Computer Science Department
School of Computer Science, Carnegie Mellon University
A Distributed and Scalable Peer-to-Peer
In this thesis, we present the design, implementation and evaluation of a distributed CDS that meets the scalability and searchability requirements simultaneously. Nodes in the CDS organize themselves into a structured P2P overlay network in a distributed fashion using a DHT. The CDS supports the search of highly dynamic contents represented using a descriptive attribute-value based naming scheme. We ensure scalability by deploying efficient registration and query algorithms using Rendezvous Points (RPs). To maintain high system throughput under realistic skewed load, such as flash crowds, we designed a novel mechanism that uses Load Balancing Matrices (LBMs) to eliminate hot-spots by balancing both registration and query load in a fully distributed fashion. To support complex queries, we developed two new distributed data structures, namely the Range Search Tree and Distributed KD-Tree. These data structures coupled with a set of lightweight tree-based protocols, allow the CDS to support range and similarity queries efficiently without creating bottlenecks.

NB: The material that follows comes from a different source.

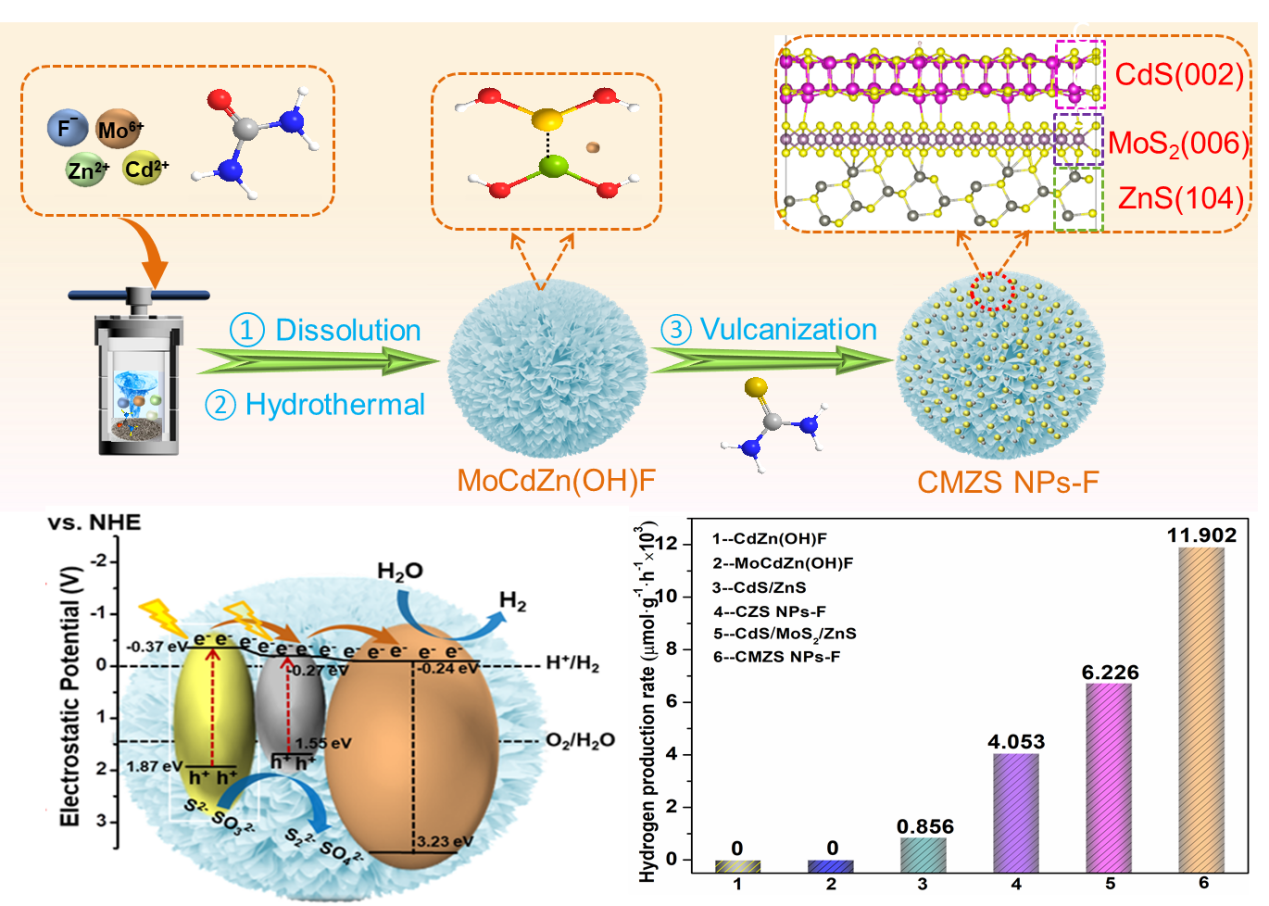 该成果针对煤、石油等能源短缺问题和环境污染问题,开发清洁可再生能源氢能。利用基于光生载流子转移的形态工程和通道构建技术设计合成了高效产氢光催化剂CMZSNPs-FZn(OH)F多功能平台限制了CdS/ZnSNPs的生长,提供了加速载流子界面转移的F-离子。同时,MoS2加速了光生电荷的快速捕获和转移使CMZSNPs-F的产氢速率达到11902μmol·g-1·h-1,是CdS/ZnS13.9倍。通过实验研究和密度泛函数理论计算结果得到,CMZSNPs-F的活性位点数量较多,e–h+复合效率较低,光生电荷转移效率较高,促使产氢速率大大提高。该成果在四川省科技计划项目、油气田应用化学四川省重点实验室、四川省高等学校绿色化学重点实验室开放项目、攀枝花市科技局项目资助下完成。

To evaluate the CDS, we implemented a comprehensive simulator. Our extensive simulation results confirmed the effectiveness of the CDS design. In addition, we implemented a prototype of the CDS that includes the RP-based registration and query mechanisms with distributed load balancing. Our deployment of the prototype on the Internet (Planet Lab testbed) and its integration with a content-based music information retrieval system verified the system's feasibility and its applicability to a large category of real world applications.